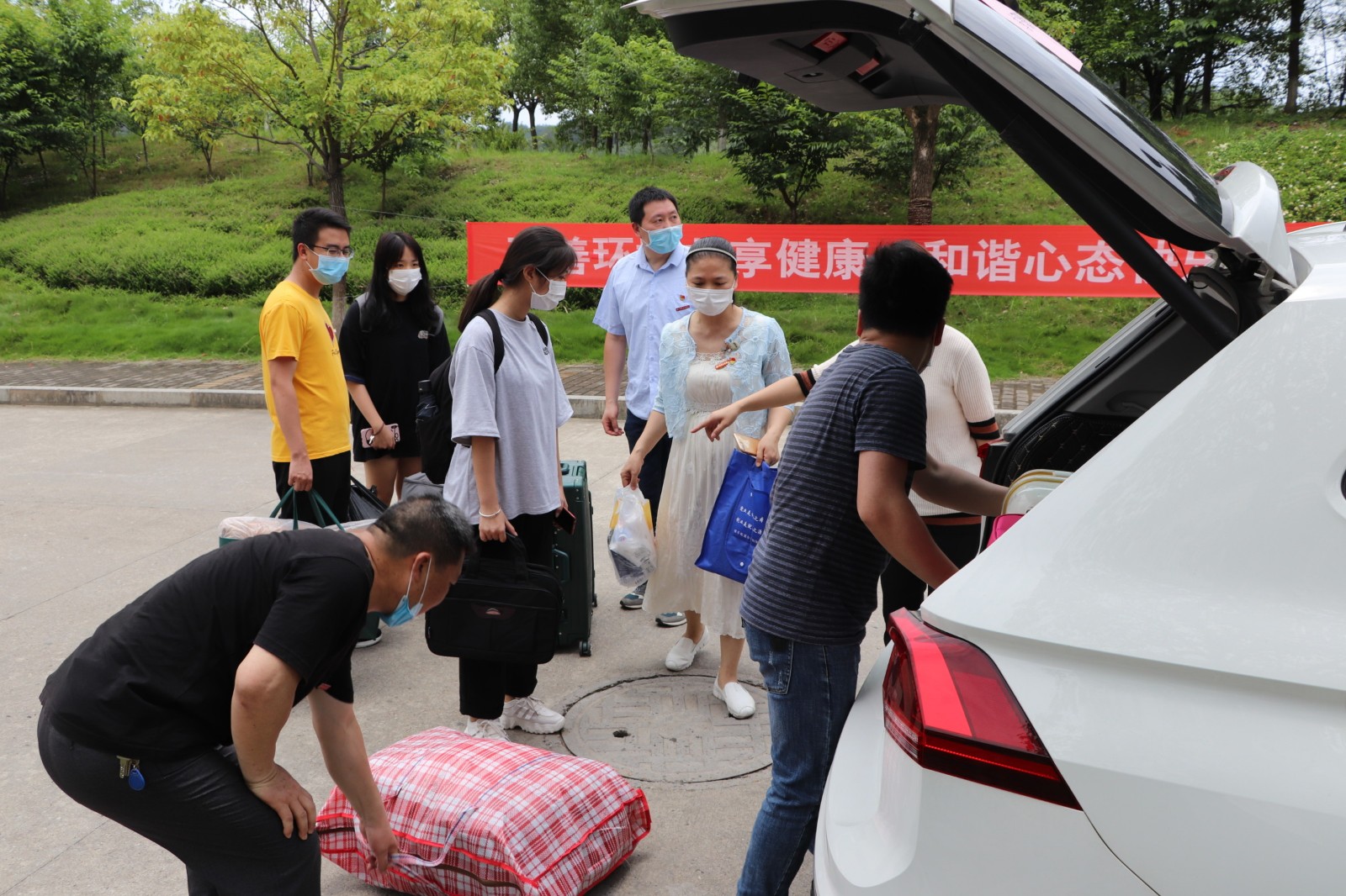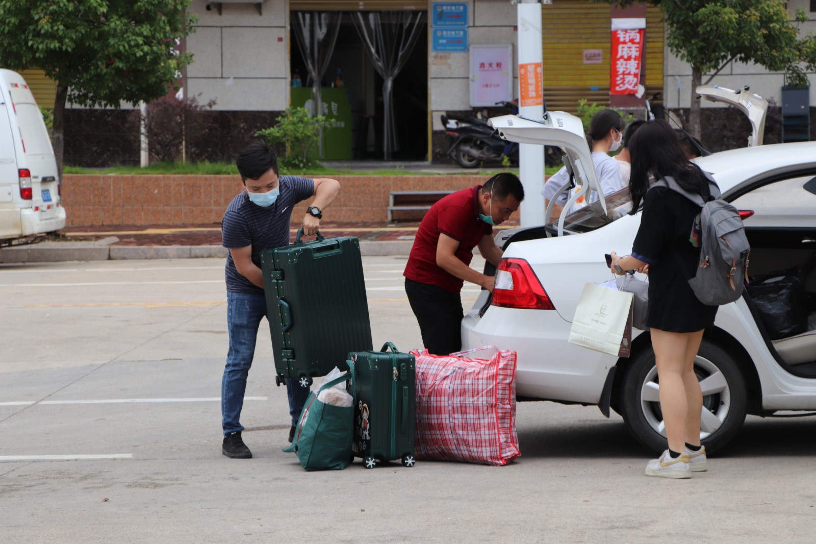 6月2日,是我校首批学生春季返校复学日。为积极响应学院党委号召,全力保障返校复学工作,学院机关党总支号召第一支部和第二支部,迅速组建了返校复学党员志愿服务队。为给返校的莘莘学子提供优质暖心服务,党员志愿者们组建了三个小分队,一队在校门口迎接、引导学生下车,帮助搬送行李到消毒处进行消毒。一队在体温检测门为同学们检测体温和进行防疫宣传。还有一队是爱心接送学生的车队。学校的大巴车,党员志愿者们的私家车,都纷纷加入了接送的队伍。车子有序的停放在校门口一侧的大道上,学生们一进校大门,就有党员志愿者们帮助搬行李,并引导坐上事先开好空调等候着的车子。党员志愿者们上午顶着烈日冒着炎热,下午又淋着暴雨,全天无休,从上午八点服务到晚上十点,为学生装行李,卸行李,搬行李,宣传防疫知识,嘘寒问暖。从校门口到宿舍,返校的同学们感受着学校的关怀爱护,心里充满了温暖和感动!
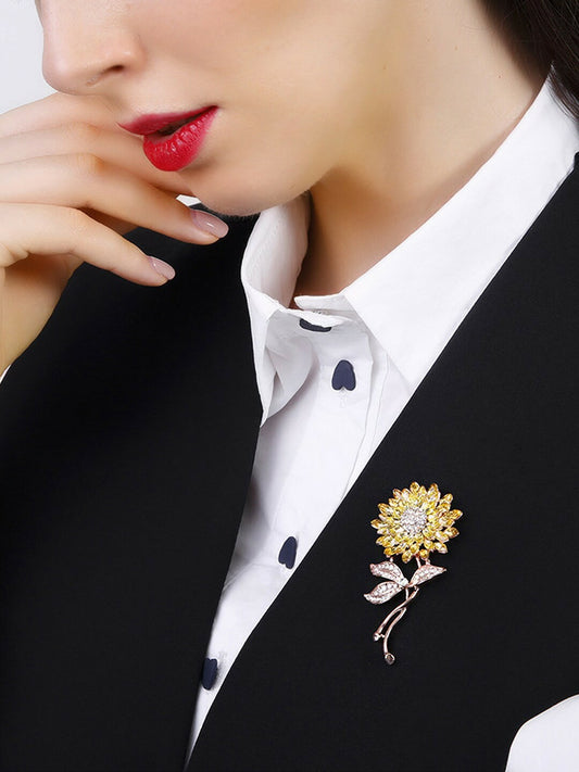 Gold-Toned American Diamond Brooch – White Stone Statement Lapel Pin for Men & Women
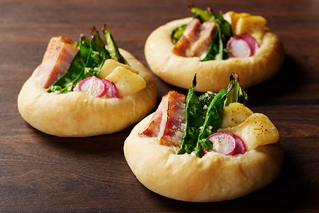厚切りベーコンとカマンベールチーズに、アスパラガス、ブロッコリー、スナップエンドウ、ラディッシュを合わせました。シークラムとレモンを加えたベシャメルソースに、ブラックペッパーが味を引き締める、春らしいフォカッチャです。
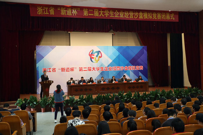 10月22日,为期三天的2017年浙江省“新道杯”第二届大学生企业经营模拟沙盘大赛总决赛圆满落幕,大赛闭幕式在我校越秀校区教二报告厅举行。浙江省教育厅高教处副处长王国银,浙江省大学生企业经营沙盘模拟竞赛委员会主任、我校周珊副校长,91短视频 院长潘煜双,新道科技股份有限公司助理总裁冯学平以及浙江省大学生企业经营沙盘模拟竞赛专家委员会相关负责人出席闭幕式,并为获奖团队颁奖。
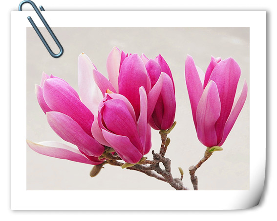 不同顏色的玉蘭中,開(kāi)得最早的,當(dāng)數(shù)白玉蘭,那純正的白色花朵,纖塵不染,清雅秀麗中有著瓷器的溫潤(rùn)質(zhì)感,仿佛一件件潔白的工藝品,很想將它捧在手心,慢慢品味它的精致與美麗。紫色的玉蘭花,則有著淡淡的華貴氣質(zhì),那含苞欲放的花朵,酷似一枝枝飽蘸紫色墨水的毛筆,揮灑自如間,描繪出獨(dú)屬于春天的明艷風(fēng)情。黃色的玉蘭花,呈現(xiàn)出淡淡的鵝黃色,柔柔的,嫩嫩的,帶著清新寧?kù)o的氣息,有著超凡脫俗的美。不同顏色的玉蘭花有著不同的美麗,但每一種都那么迷人,充滿(mǎn)靈動(dòng)的氣息。
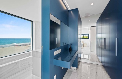 The living room is a showpiece--floor-to-ceiling windows frame uninterrupted sea views, with a Smart TV that disappears at the touch of a button to keep your views uninterrupted. Step outside to the sun-soaked deck with your private pool, complete with sunbeds, an outdoor shower, a barbecue area, and alfresco dining. Just beyond, the beach is literally at your feet.
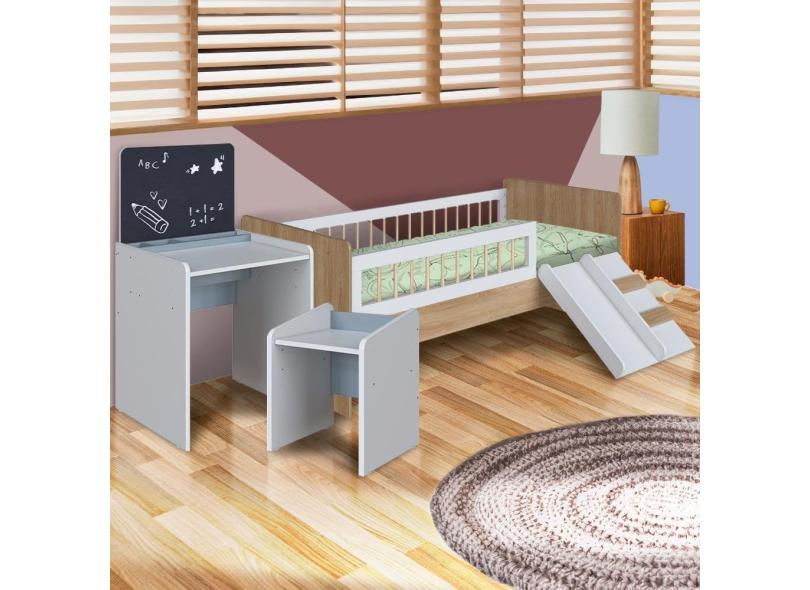 Cama Solteiro Com Colchão E Mesinha Infantil Aveiro Oak Branco Azul Cassian Shop JM
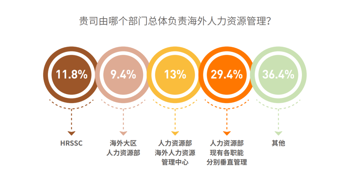 29.4%企业海外HR管理负责部门由人力资源部现有各职能分别垂直管理,这说明分散管理模式依然存在,各职能部门独立管理海外人力资源,以应对多样化的市场环境和法规。
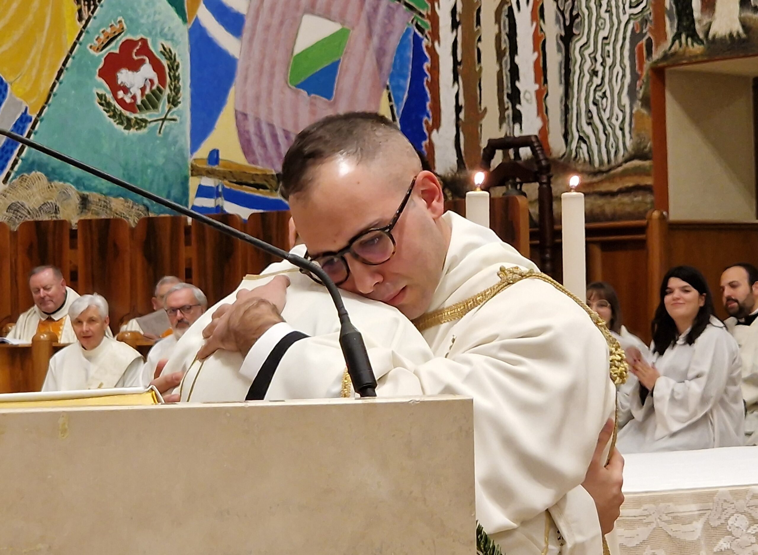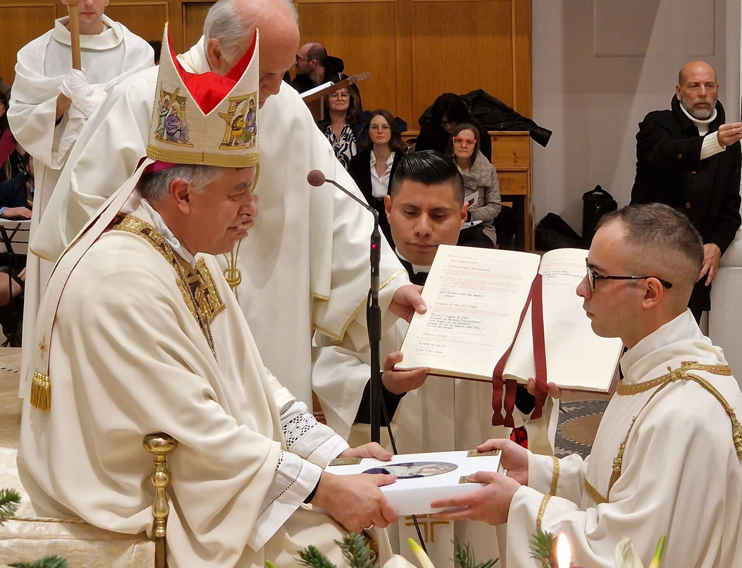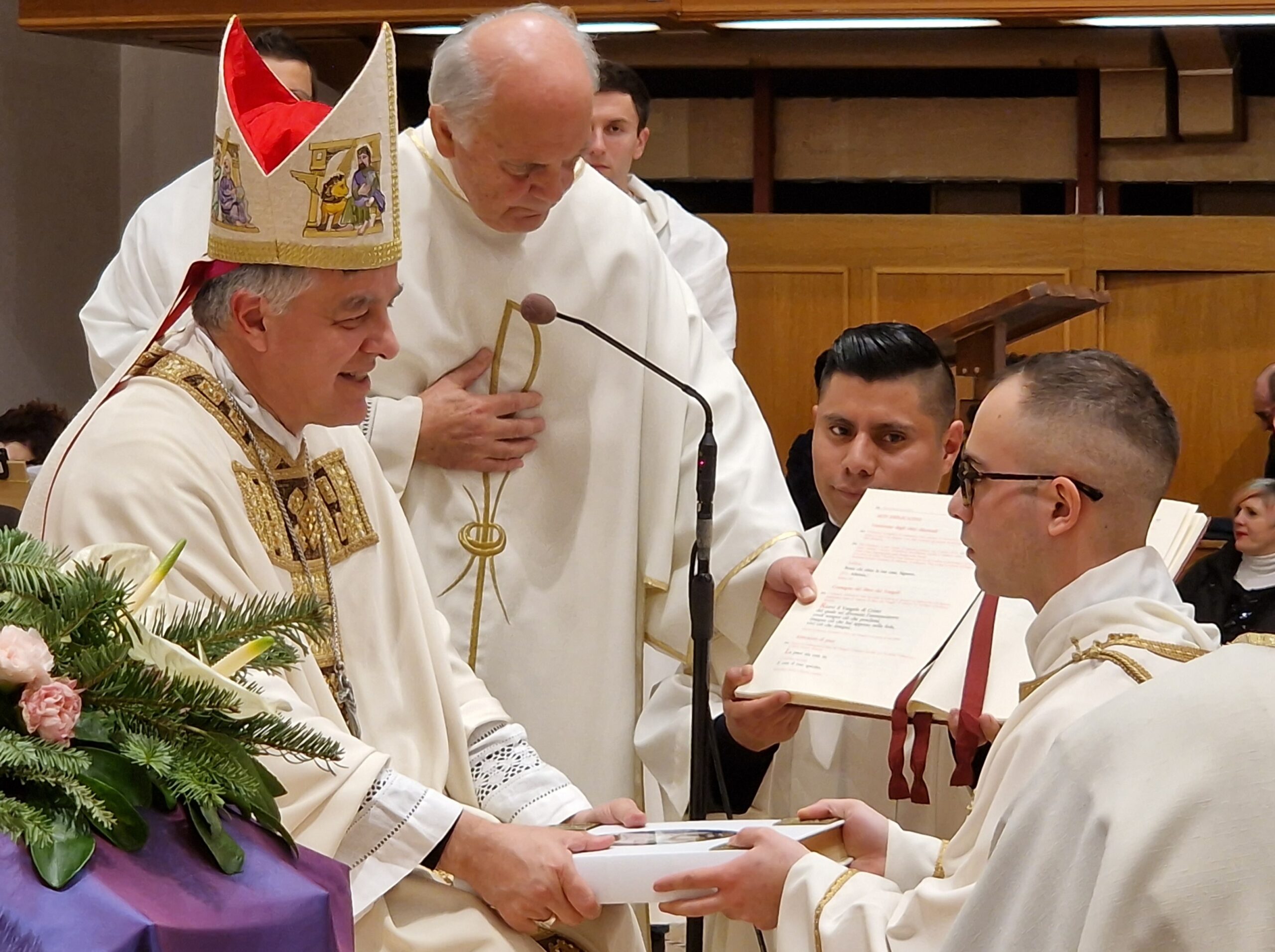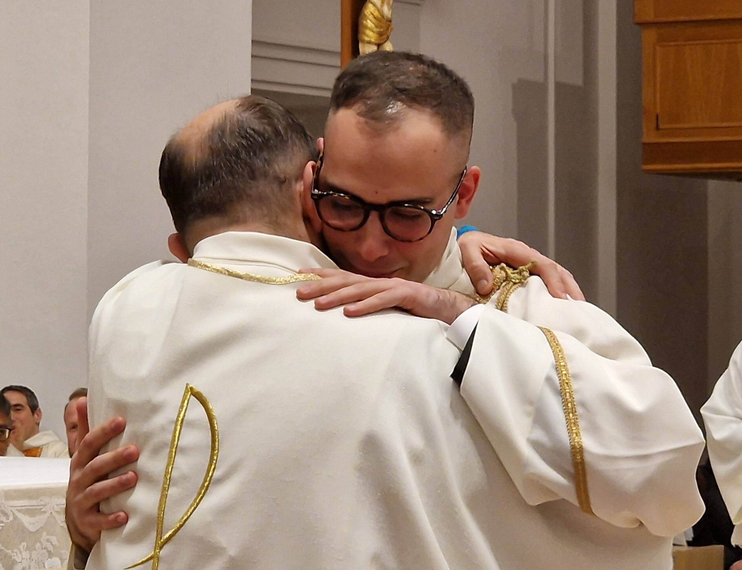 Sono poi seguiti tre segni importanti: la vestizione con gli abiti diaconali, la consegna del Libro dei Vangeli e l’abbraccio di pace.

______________________________

_Activity_
Set all of the records down once more, letter for letter, with the images removed.

_Result for this task_
 6月2日,是我校首批学生春季返校复学日。为积极响应学院党委号召,全力保障返校复学工作,学院机关党总支号召第一支部和第二支部,迅速组建了返校复学党员志愿服务队。为给返校的莘莘学子提供优质暖心服务,党员志愿者们组建了三个小分队,一队在校门口迎接、引导学生下车,帮助搬送行李到消毒处进行消毒。一队在体温检测门为同学们检测体温和进行防疫宣传。还有一队是爱心接送学生的车队。学校的大巴车,党员志愿者们的私家车,都纷纷加入了接送的队伍。车子有序的停放在校门口一侧的大道上,学生们一进校大门,就有党员志愿者们帮助搬行李,并引导坐上事先开好空调等候着的车子。党员志愿者们上午顶着烈日冒着炎热,下午又淋着暴雨,全天无休,从上午八点服务到晚上十点,为学生装行李,卸行李,搬行李,宣传防疫知识,嘘寒问暖。从校门口到宿舍,返校的同学们感受着学校的关怀爱护,心里充满了温暖和感动!
 Gold-Toned American Diamond Brooch – White Stone Statement Lapel Pin for Men & Women
厚切りベーコンとカマンベールチーズに、アスパラガス、ブロッコリー、スナップエンドウ、ラディッシュを合わせました。シークラムとレモンを加えたベシャメルソースに、ブラックペッパーが味を引き締める、春らしいフォカッチャです。
 10月22日,为期三天的2017年浙江省“新道杯”第二届大学生企业经营模拟沙盘大赛总决赛圆满落幕,大赛闭幕式在我校越秀校区教二报告厅举行。浙江省教育厅高教处副处长王国银,浙江省大学生企业经营沙盘模拟竞赛委员会主任、我校周珊副校长,91短视频 院长潘煜双,新道科技股份有限公司助理总裁冯学平以及浙江省大学生企业经营沙盘模拟竞赛专家委员会相关负责人出席闭幕式,并为获奖团队颁奖。
 不同顏色的玉蘭中,開(kāi)得最早的,當(dāng)數(shù)白玉蘭,那純正的白色花朵,纖塵不染,清雅秀麗中有著瓷器的溫潤(rùn)質(zhì)感,仿佛一件件潔白的工藝品,很想將它捧在手心,慢慢品味它的精致與美麗。紫色的玉蘭花,則有著淡淡的華貴氣質(zhì),那含苞欲放的花朵,酷似一枝枝飽蘸紫色墨水的毛筆,揮灑自如間,描繪出獨(dú)屬于春天的明艷風(fēng)情。黃色的玉蘭花,呈現(xiàn)出淡淡的鵝黃色,柔柔的,嫩嫩的,帶著清新寧?kù)o的氣息,有著超凡脫俗的美。不同顏色的玉蘭花有著不同的美麗,但每一種都那么迷人,充滿(mǎn)靈動(dòng)的氣息。
 The living room is a showpiece--floor-to-ceiling windows frame uninterrupted sea views, with a Smart TV that disappears at the touch of a button to keep your views uninterrupted. Step outside to the sun-soaked deck with your private pool, complete with sunbeds, an outdoor shower, a barbecue area, and alfresco dining. Just beyond, the beach is literally at your feet.
 Cama Solteiro Com Colchão E Mesinha Infantil Aveiro Oak Branco Azul Cassian Shop JM
 29.4%企业海外HR管理负责部门由人力资源部现有各职能分别垂直管理,这说明分散管理模式依然存在,各职能部门独立管理海外人力资源,以应对多样化的市场环境和法规。
 Sono poi seguiti tre segni importanti: la vestizione con gli abiti diaconali, la consegna del Libro dei Vangeli e l’abbraccio di pace.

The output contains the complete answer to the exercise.